Perhaps my PTSD has decided to change shape. For years, it behaved the way people expect such things to behave, with night terrors and sudden waking.
Bolting upright before the mind even understood where it was, and heart hammering. Darkness thick as wet wool, with the old animal instincts firing off alarms over ghosts nobody else can see.
At least those were honest, but this new thing is quieter and somehow meaner.
Yesterday I made the mistake of trying to behave like a responsible adult. I had gotten dehydrated earlier in the day, and listening to the endless chorus of modern health prophets who insist a man should drink water by the gallon or else dry up like a forgotten raisin behind God’s refrigerator.
So I drank over eight glasses of water. At my age, that is less a health decision and more a declaration of war against the bladder.

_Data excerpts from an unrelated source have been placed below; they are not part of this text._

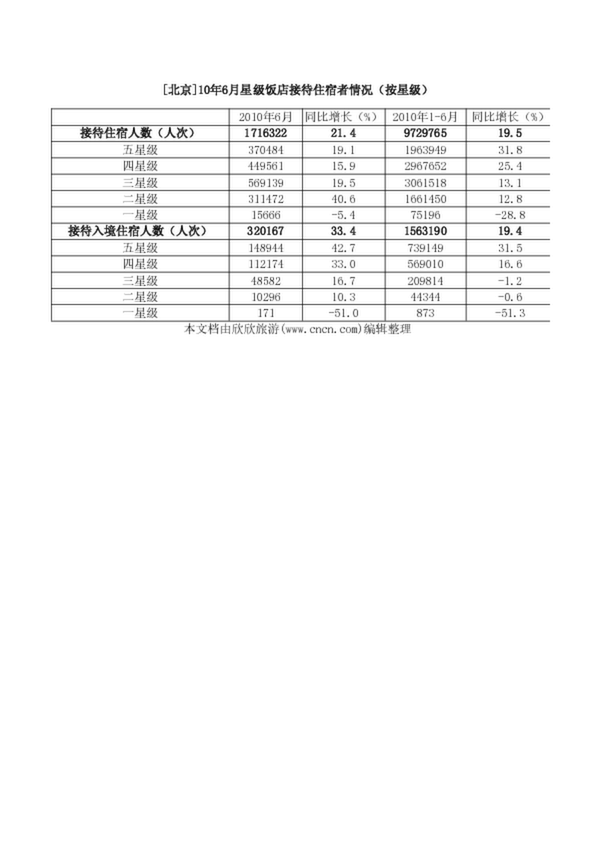 [北京]10年6月星級(jí)飯店接待住宿者情況(按星級(jí))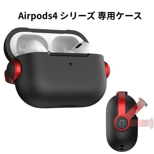 Airpods 4 ケース ロック付き カラビナ付き 装着充電可能 耐衝撃 AirPods 第4世代 ケース TPU 軽量 キズ防止 おしゃれ ワイヤレス充電対応 保護カバー スタンド機能付き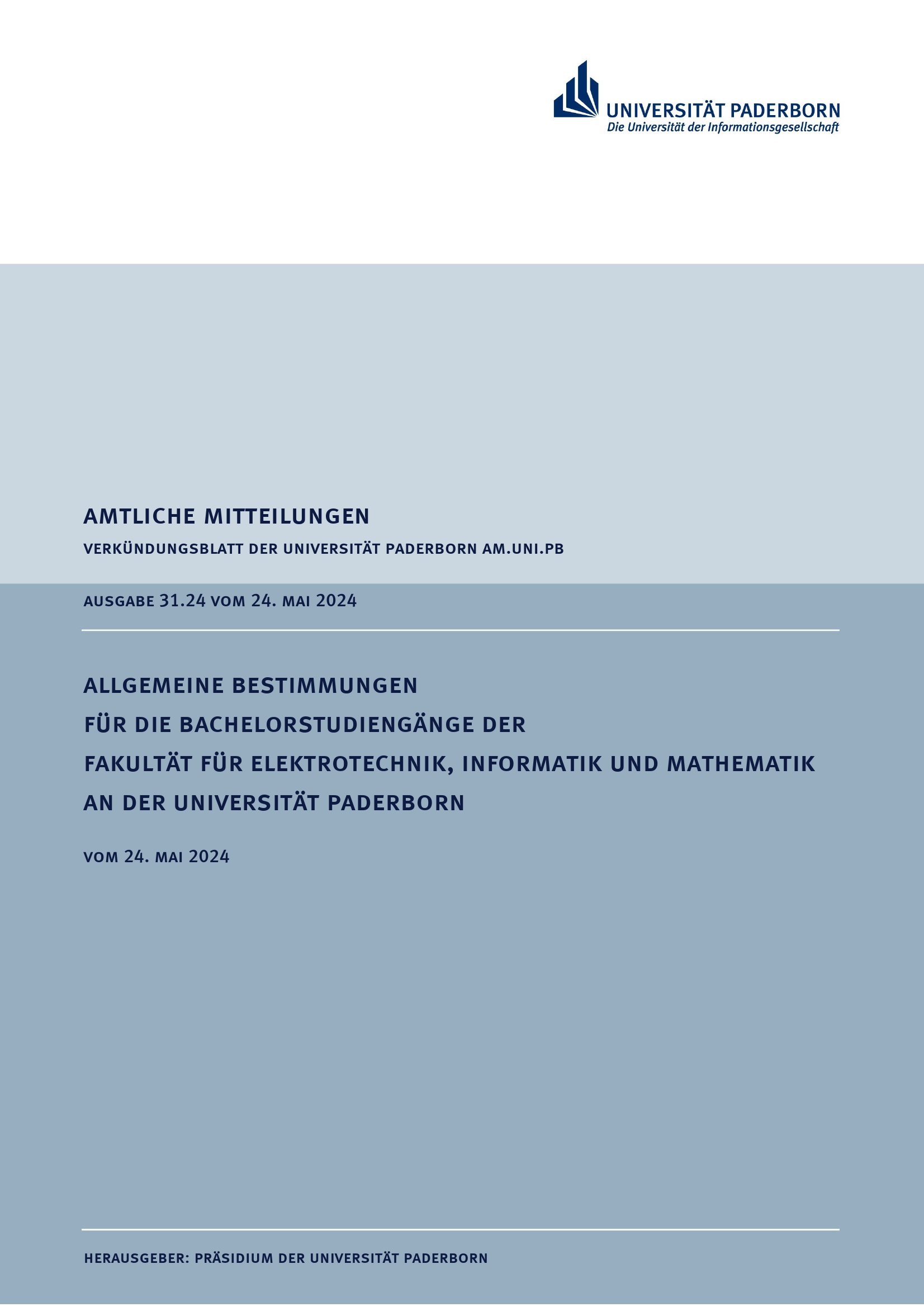 Allgemeine Bestimmungen für die Bachelorstudiengänge der Fakultät für Elektrotechnik, Informatik und Mathematik an der Universität Paderborn : vom 24. Mai 2024

Sure enough, sometime after midnight, my prostate filed its formal complaint with management and hauled me out of bed the first time. I stumbled half-awake through the dark house, drank another little bit of water because apparently, I had become a hostage to wellness culture, and crawled back beneath the blankets.

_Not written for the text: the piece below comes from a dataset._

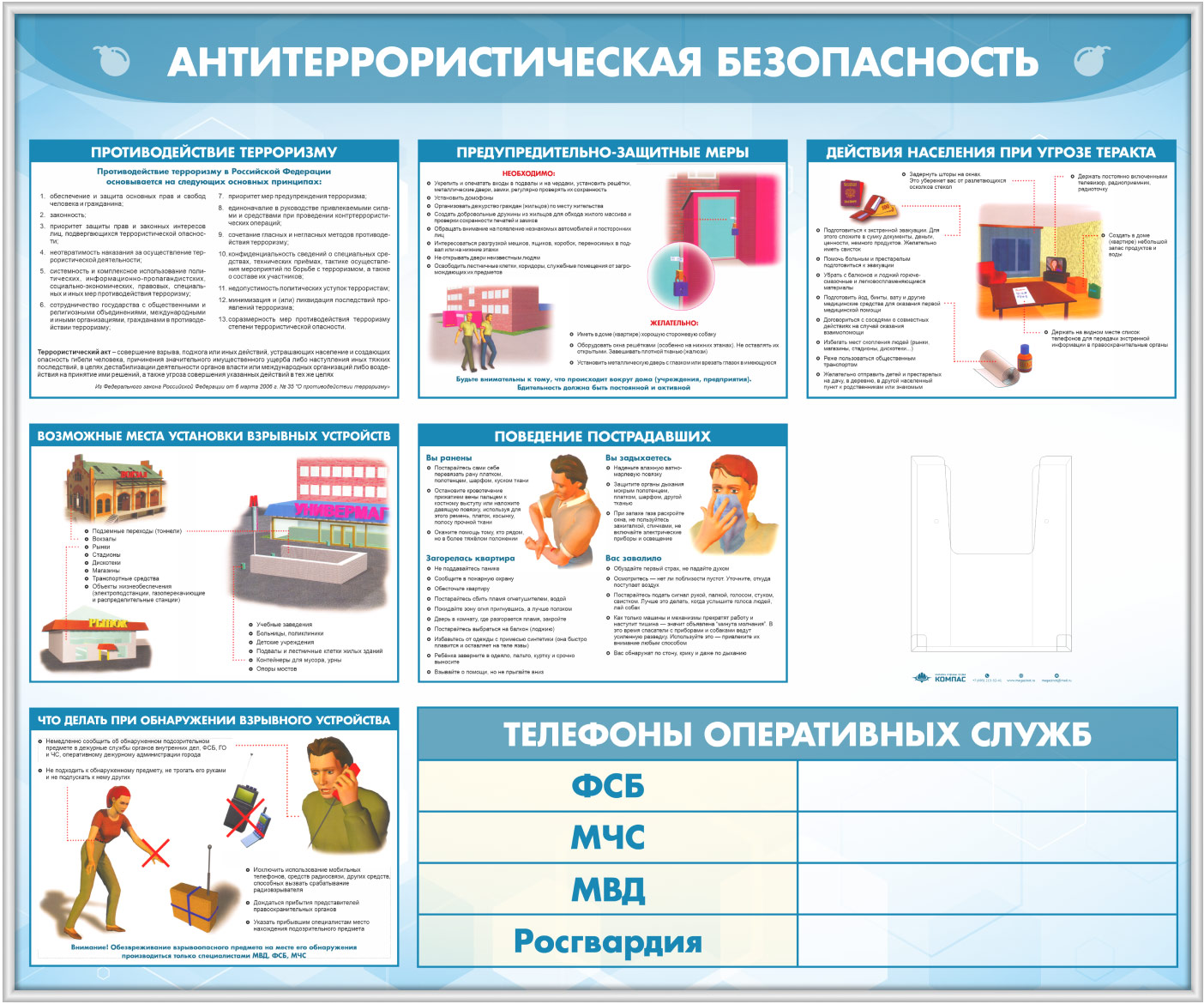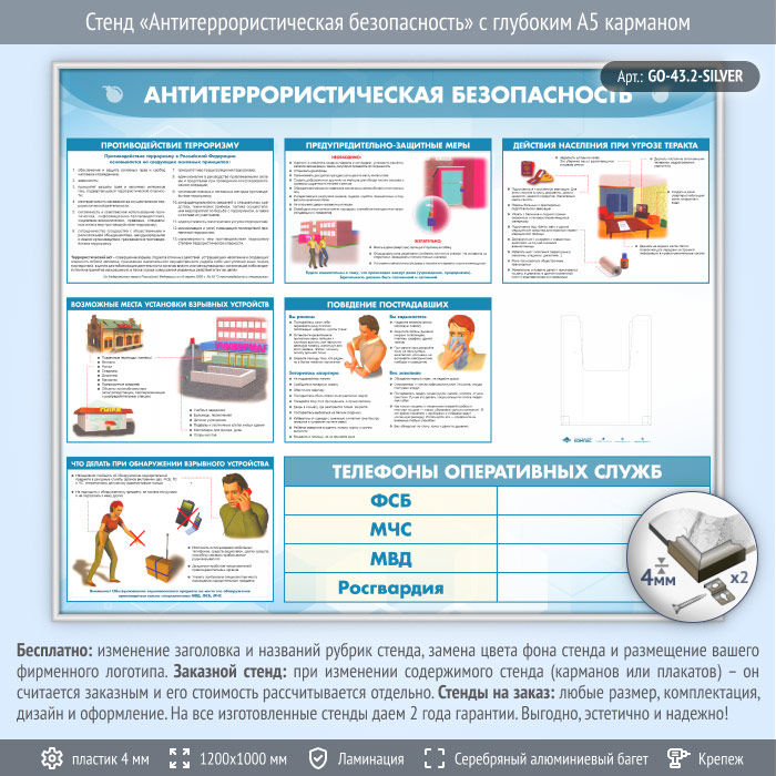 Стенд «Антитеррористическая безопасность» с глубоким А5 карманом (GO-43.2-SILVER) в Твери купить

Then I slipped directly back into the same dream. Not a nightmare exactly, no monsters or gunfire, and zero dramatic horror moving in the shadows.

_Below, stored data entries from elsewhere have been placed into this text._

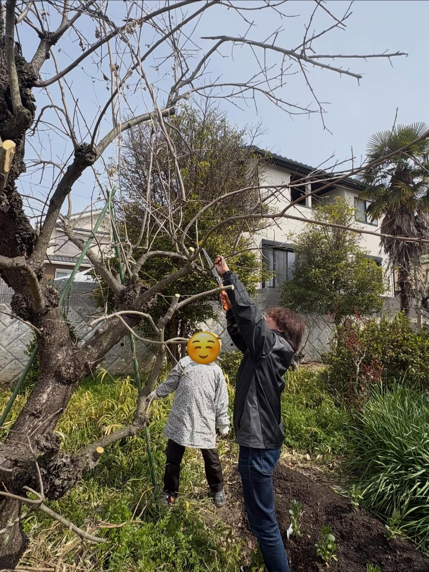 柿の木の枝を切るお手伝いをしたり、
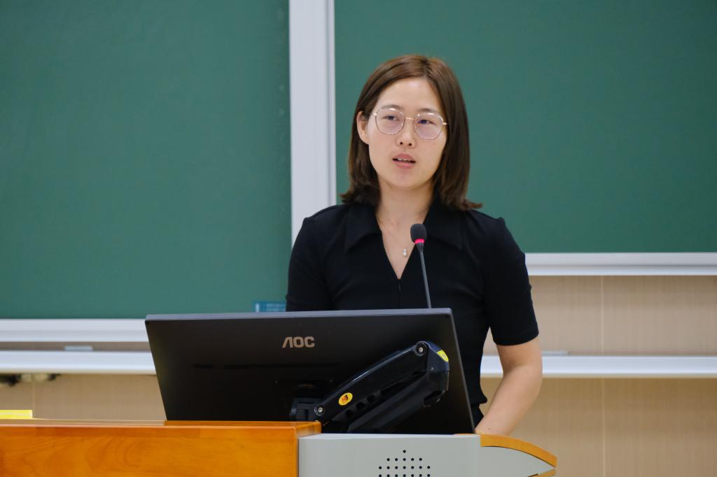 孟召双为新生们介绍了如何参与社会实践与志愿服务活动。她强调,同学们要注意综合素质培养,积极参加第二课堂活动,通过社会实践和志愿服务工作强化能力,培养责任心和使命感。
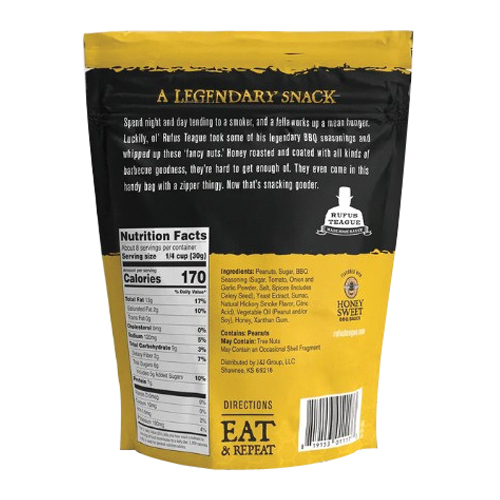 Okay, here's the deal these BBQ peanuts are so dang, good. Rufus took some of his legendary honey sweet BBQ flavors and whipped up these 'fancy nuts'. He really outdid himself this time. Way beyond tasty, these are truly unbelievable. All Rufus Teague genuine BBQ nuts are made with premium quality nut varieties and unlike anything you've had before. They are not only ideally honey roasted, but then coated in Rufus blend of BBQ goodness. Each comes in a stay fresh pouch that's resealable, as long as you can force yourself to stop eating long enough to zip it.

Just streets, endless streets. Empty and destroyed.
The kind of streets where windows are gone, and papers drift along the pavement, and the silence itself feels abandoned. There were no people anywhere.
Just block after block of dead city under a gray sky that never quite becomes morning, and me wandering through it. Always moving, but never arriving.
I woke again an hour later, with frustration already waiting for me. Head aching slightly, mouth dry despite all the water, and my mind still half-trapped in that ruined place.
Then back to sleep and back to the streets. Five times this happened.
Each return to bed dropped me straight back into the same landscape as if my mind had become trapped in some terrible municipal zoning project, with the same intersections and empty buildings.
The same feeling that something awful had happened long ago, and everyone else had already left.
I remain uncertain whether to call them dreams or nightmares. The latter usually contains panic, but these contain something akin to being lost, which is the difference.
Therein is my frustration. I knew my compass points, which is to say I could tell north from south and east from west, but I could never find the outskirts of the city.
The strange thing about PTSD is that people imagine it remains frozen in one form forever. They think trauma always arrives wearing combat boots and carrying a flashlight into your sleeping hours.
But the mind adapts, or perhaps it mutates. Maybe, after enough years, the brain gets tired of screaming and starts wandering instead.
I remember once hearing that the nervous system never truly forgets vigilance. Even at rest, even after 40 years, it keeps one eye open like an old ranch dog sleeping beside a dying campfire.
Perhaps that is what those streets are, my mind still patrolling, still searching, expecting danger around the next corner despite finding only emptiness.
Before my alarm sounded, I finally gave up on sleep entirely. The headache had settled behind my eyes like the steady pressure of bad weather.
I got up, showered, and dressed, then sat in the kitchen drinking coffee while the house slowly brightened around me.
Everything was normal, as the refrigerator hummed, and the morning traffic started, yet part of me still felt stranded in those ruined streets, walking block after block beneath that lifeless gray sky.
The old version of PTSD came like an ambush. The new version arrives like fog, and I cannot yet decide which one is worse.